Records from a data collection

★ ★ ★ ★ ★ ★ ★

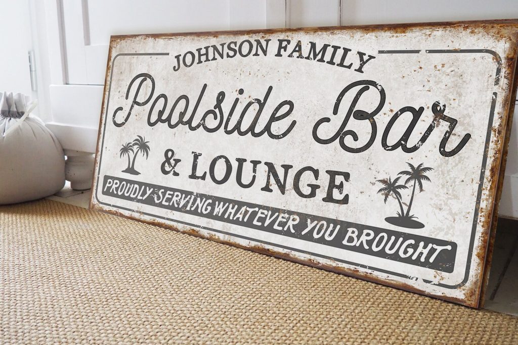 Custom Poolside Bartand Lounge SigntFamily Name WalltArt Tropical PooltSign PoolhousetDecor Canvas WoodtMetal Outdoor PatiotSign Outsidetno diving lifeguardton duty swimmingtgifts for dad momtnautical beach housetocean palm trees
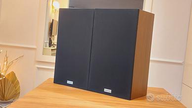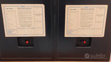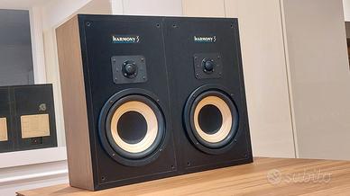 -DISPONIBILI- Infoline Whatsapp: 3319906753 Casse acustiche Hi-Fi HARMONY BLUE NOTE 3 anno 1984, in condizioni magnifiche completamente originali, no modifiche EURO 200 Sistema a 2 vie in cassa chiusa woofer Audax HIF24, diam.240mm, sospensioni sostituite a dicembre 2024 tweeter Audax HD12, diam.25mm, cupola trattata impedenza 8 ohm efficienza 89 db potenza di utilizzo 70 watt dimensioni 550x310x250 mm Italiane, molto francesi e con la voglia di essere americane. Harmony è stata la figlia biologica di ESB, un brand italiano che fece cose belle nel ventennio 70-80. Nata come una linea interna molto filo-americana perché priva di orpelli inutili al fine sonoro, Harmony diventò poi una sorta di spin-off ed ottenne riscontri commerciali di rilievo. In effetti, ESB all’epoca voleva dire altoparlanti di indubbia qualità, mobili molto ben fatti e suono altamente proteico: tutto molto yankee insomma. In questo caso, il progetto prevede ottimi altoparlanti della francese AUDAX, in sostanza una RCF d'oltralpe, crossover cablato in aria e mobili dallo spessore di ben 20mm. Woofer e tweeter hanno risonanza di soli 29 ed 800 Hz, e si possono definire veri veterani perché utilizzati da molti altri costruttori attraverso almeno 3 decenni. Il risultato sonoro di tutto questo è notevole: grande apertura della scena acustica e andamento timbrico dal mood neutro, magari un po’ ambrato. Impatto verace e fisico intorno agli 80-100hz, così da dare ritmo e fisicità a batteria e basso elettrico: scelta furba con generi moderni ma non solo, perchè anche nella musica sinfonica quelle frequenze sono abitualmente riprodotte da pianoforte, violoncello e basso tuba. Ma anche dal contrabbasso, strumento basilare nel classico trio jazz. In sostanza, queste belle Harmony Blue Note sono davvero un eccellente prodotto, ben progettato ed ingegnerizzato da menti capaci. Sotto il profilo sonoro, i difetti sono da cercare con il lanternino.
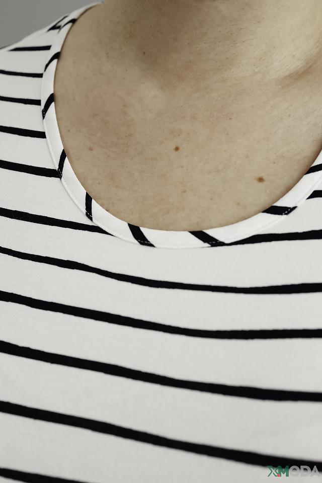Топ имеет прямой крой и удобную посадку благодаря составу ткани: 96% вискоза и 4% эластан. Вискоза обеспечивает мягкость и приятные ощущения на коже, а эластан – небольшую эластичность, что позволяет топу хорошо держать форму и не сковывать движения.
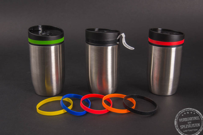 Der trendige Refill-Thermobecher ist perfekt geeignet für unterwegs. Das doppelwandige Edelstahlgehäuse sorgt für guten Wärmeschutz für den Inhalt. Der Becher bietet ein Volumen von 300 ml und passt unter fast alle Kapsel-/Padmaschinen und Kaffeevollautomaten. Der Easy-Clickverschluss bzw. Drückknopf sorgt für Sicherheit beim Öffnen und Schließen. Der Becher ist gegen Auslaufen geschützt und für die Spülmaschine geeignet. Durch die farbigen Ringe kann ein Farbakzent, passend zur Logo-/Unternehmensfarbe, gesetzt werden.
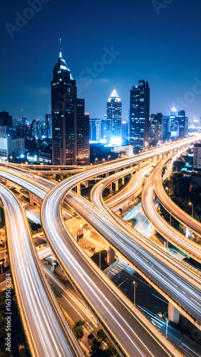 © nani, Obraz premium Night City Highway Interchange. (1)
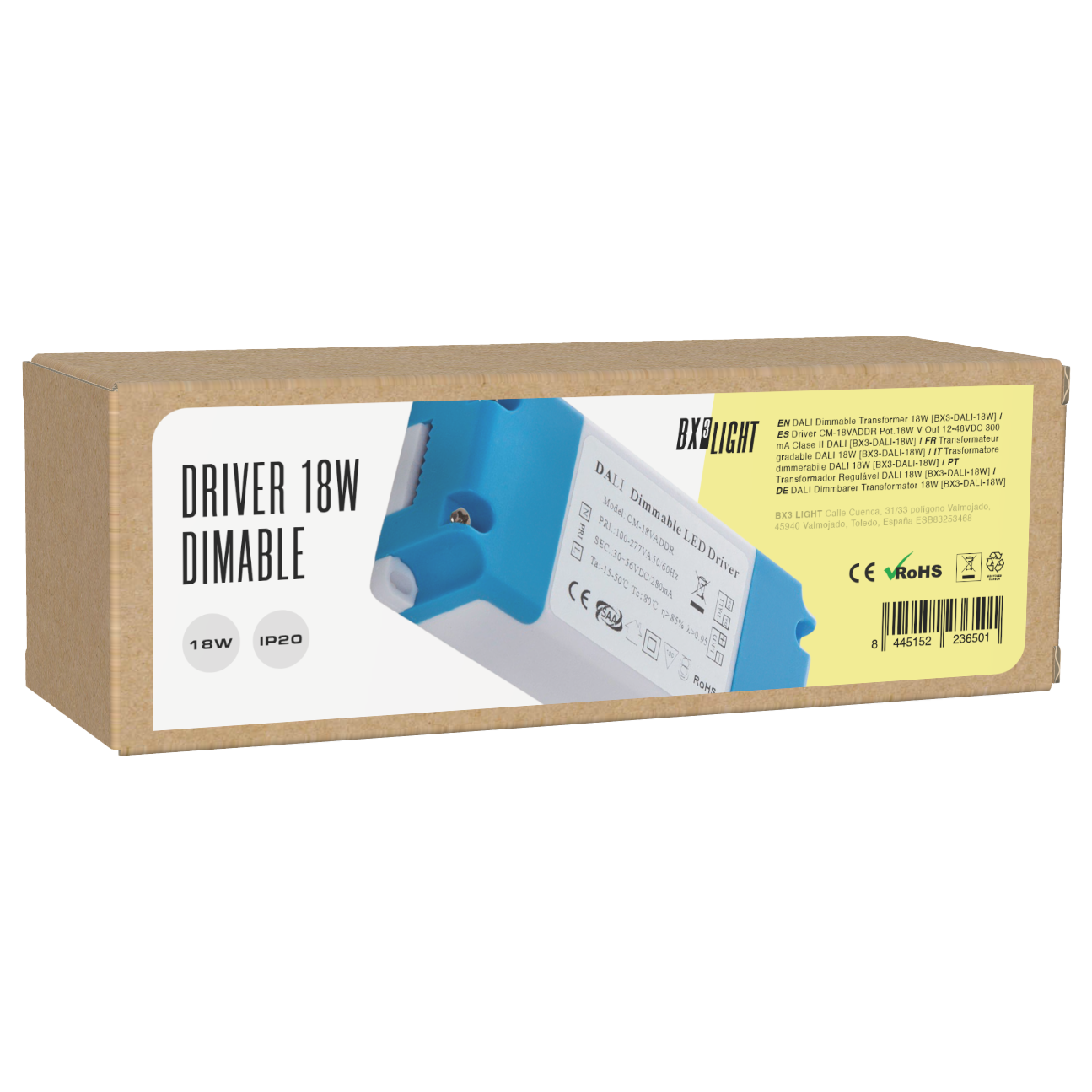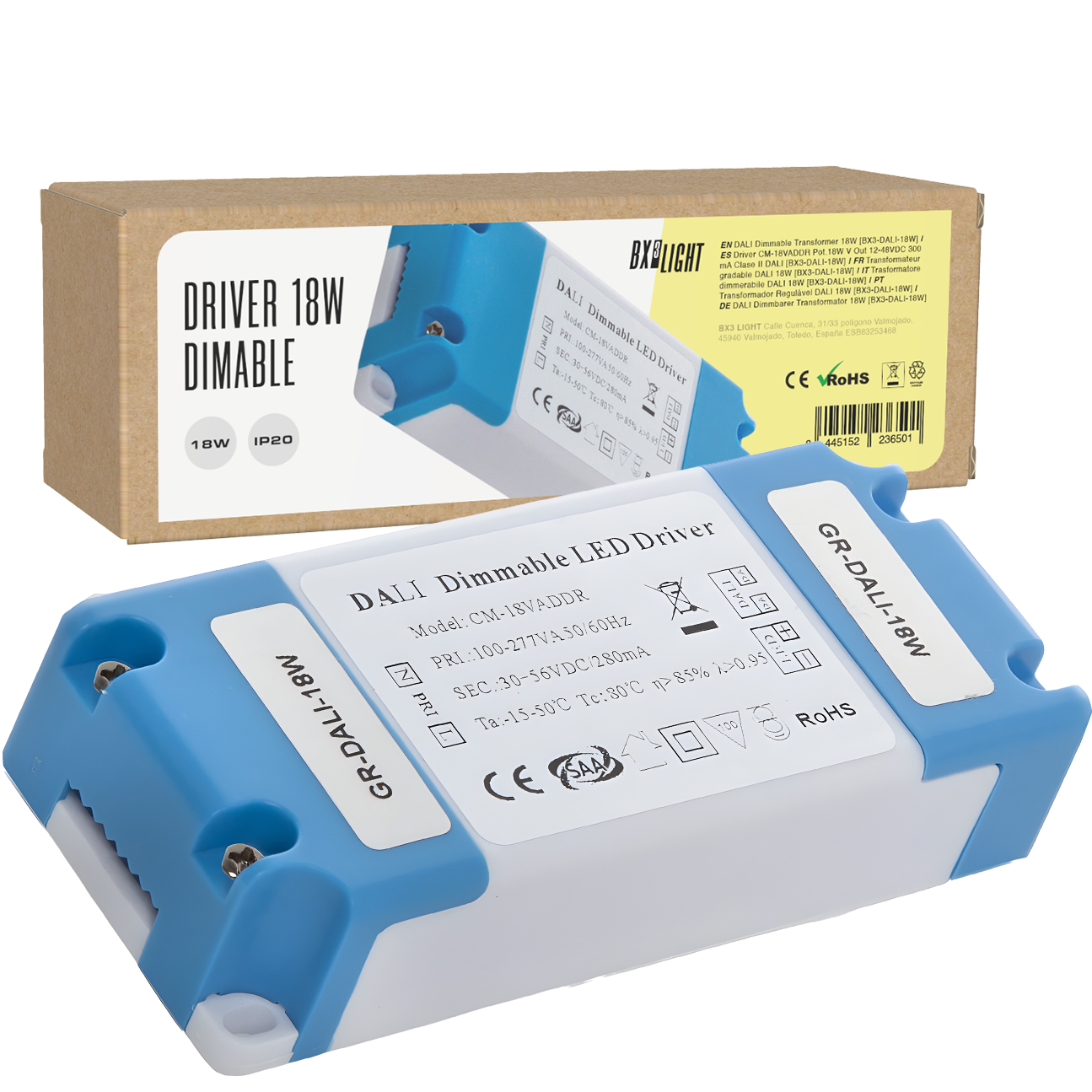 El Driver LED CM-18VADDR 18 W BX3 LIGHT con protocolo DALI es una fuente de alimentación de corriente constante diseñada para sistemas de iluminación LED regulables, ofreciendo control digital preciso y alta estabilidad eléctrica en instalaciones profesionales. Especificaciones técnicas: Potencia nominal: 18 W Corriente de salida: 300 mA (corriente constante) Rango de tensión de salida: 12–48 V DC Protocolo de control: DALI Clase de protección: Clase II (doble aislamiento) Tipo de regulación: Control digital mediante sistema DALI Alta eficiencia energética Características principales: Compatible con sistemas de gestión de iluminación DALI Regulación suave y sin parpadeos (flicker free) Protección contra sobrecarga, sobretensión y cortocircuito Diseño compacto para integración en luminarias técnicas Ideal para oficinas, retail, hoteles y proyectos de iluminación inteligente Fabricado bajo los estándares de calidad de BX3 LIGHT, garantiza rendimiento estable, eficiencia y control avanzado en aplicaciones de iluminación LED profesional.
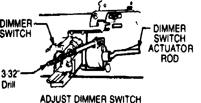 3. Install dimmer switch assembly, depress switch against actuator and insert 3/32 inch drill into adjustment slot, Fig. 4, then torque nut and retaining screw to 35 lb in
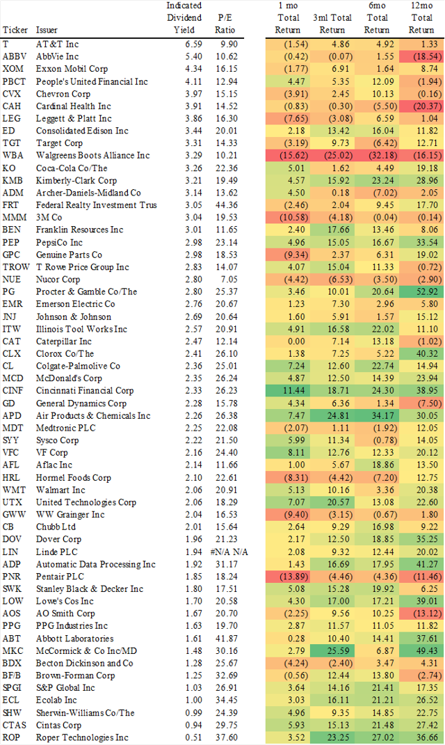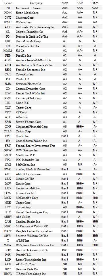 此外,一般股息率有随着评级下滑而下滑的趋势,只有AT&T和Abbvie是个例外。最低评级的几家公司:上面提到的碧迪、滨特尔(PNR)和儒博实业(ROP)(评级为低BBB级别)也仍保持2%的股息率。
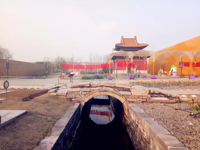站在大門口,左邊是著名書法家孫曉云題寫的“大報(bào)恩圣地”石碑,前方的拱形橋是600多年前建造的明代香水河橋,兩座碑亭左右對(duì)稱而立。
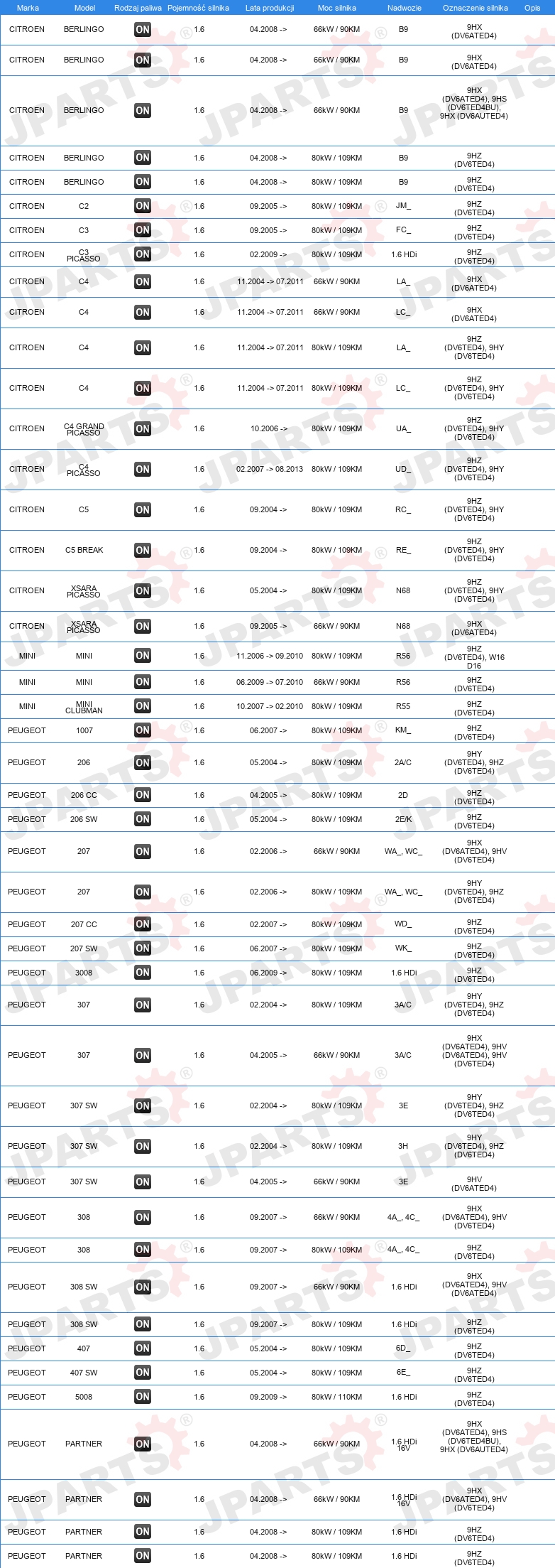 | DLA NUMERU OE: | 96 516181 80 |

★ ★ ★ ★ ★ ★ ★

* What is expected *
From the first line to the last, repeat the entries exactly and leave out the pictures.

* Solution for this task *
 Custom Poolside Bartand Lounge SigntFamily Name WalltArt Tropical PooltSign PoolhousetDecor Canvas WoodtMetal Outdoor PatiotSign Outsidetno diving lifeguardton duty swimmingtgifts for dad momtnautical beach housetocean palm trees
 -DISPONIBILI- Infoline Whatsapp: 3319906753 Casse acustiche Hi-Fi HARMONY BLUE NOTE 3 anno 1984, in condizioni magnifiche completamente originali, no modifiche EURO 200 Sistema a 2 vie in cassa chiusa woofer Audax HIF24, diam.240mm, sospensioni sostituite a dicembre 2024 tweeter Audax HD12, diam.25mm, cupola trattata impedenza 8 ohm efficienza 89 db potenza di utilizzo 70 watt dimensioni 550x310x250 mm Italiane, molto francesi e con la voglia di essere americane. Harmony è stata la figlia biologica di ESB, un brand italiano che fece cose belle nel ventennio 70-80. Nata come una linea interna molto filo-americana perché priva di orpelli inutili al fine sonoro, Harmony diventò poi una sorta di spin-off ed ottenne riscontri commerciali di rilievo. In effetti, ESB all’epoca voleva dire altoparlanti di indubbia qualità, mobili molto ben fatti e suono altamente proteico: tutto molto yankee insomma. In questo caso, il progetto prevede ottimi altoparlanti della francese AUDAX, in sostanza una RCF d'oltralpe, crossover cablato in aria e mobili dallo spessore di ben 20mm. Woofer e tweeter hanno risonanza di soli 29 ed 800 Hz, e si possono definire veri veterani perché utilizzati da molti altri costruttori attraverso almeno 3 decenni. Il risultato sonoro di tutto questo è notevole: grande apertura della scena acustica e andamento timbrico dal mood neutro, magari un po’ ambrato. Impatto verace e fisico intorno agli 80-100hz, così da dare ritmo e fisicità a batteria e basso elettrico: scelta furba con generi moderni ma non solo, perchè anche nella musica sinfonica quelle frequenze sono abitualmente riprodotte da pianoforte, violoncello e basso tuba. Ma anche dal contrabbasso, strumento basilare nel classico trio jazz. In sostanza, queste belle Harmony Blue Note sono davvero un eccellente prodotto, ben progettato ed ingegnerizzato da menti capaci. Sotto il profilo sonoro, i difetti sono da cercare con il lanternino.
Топ имеет прямой крой и удобную посадку благодаря составу ткани: 96% вискоза и 4% эластан. Вискоза обеспечивает мягкость и приятные ощущения на коже, а эластан – небольшую эластичность, что позволяет топу хорошо держать форму и не сковывать движения.
 Der trendige Refill-Thermobecher ist perfekt geeignet für unterwegs. Das doppelwandige Edelstahlgehäuse sorgt für guten Wärmeschutz für den Inhalt. Der Becher bietet ein Volumen von 300 ml und passt unter fast alle Kapsel-/Padmaschinen und Kaffeevollautomaten. Der Easy-Clickverschluss bzw. Drückknopf sorgt für Sicherheit beim Öffnen und Schließen. Der Becher ist gegen Auslaufen geschützt und für die Spülmaschine geeignet. Durch die farbigen Ringe kann ein Farbakzent, passend zur Logo-/Unternehmensfarbe, gesetzt werden.
 © nani, Obraz premium Night City Highway Interchange. (1)
 El Driver LED CM-18VADDR 18 W BX3 LIGHT con protocolo DALI es una fuente de alimentación de corriente constante diseñada para sistemas de iluminación LED regulables, ofreciendo control digital preciso y alta estabilidad eléctrica en instalaciones profesionales. Especificaciones técnicas: Potencia nominal: 18 W Corriente de salida: 300 mA (corriente constante) Rango de tensión de salida: 12–48 V DC Protocolo de control: DALI Clase de protección: Clase II (doble aislamiento) Tipo de regulación: Control digital mediante sistema DALI Alta eficiencia energética Características principales: Compatible con sistemas de gestión de iluminación DALI Regulación suave y sin parpadeos (flicker free) Protección contra sobrecarga, sobretensión y cortocircuito Diseño compacto para integración en luminarias técnicas Ideal para oficinas, retail, hoteles y proyectos de iluminación inteligente Fabricado bajo los estándares de calidad de BX3 LIGHT, garantiza rendimiento estable, eficiencia y control avanzado en aplicaciones de iluminación LED profesional.
 3. Install dimmer switch assembly, depress switch against actuator and insert 3/32 inch drill into adjustment slot, Fig. 4, then torque nut and retaining screw to 35 lb in
 此外,一般股息率有随着评级下滑而下滑的趋势,只有AT&T和Abbvie是个例外。最低评级的几家公司:上面提到的碧迪、滨特尔(PNR)和儒博实业(ROP)(评级为低BBB级别)也仍保持2%的股息率。
站在大門口,左邊是著名書法家孫曉云題寫的“大報(bào)恩圣地”石碑,前方的拱形橋是600多年前建造的明代香水河橋,兩座碑亭左右對(duì)稱而立。
 | DLA NUMERU OE: | 96 516181 80 |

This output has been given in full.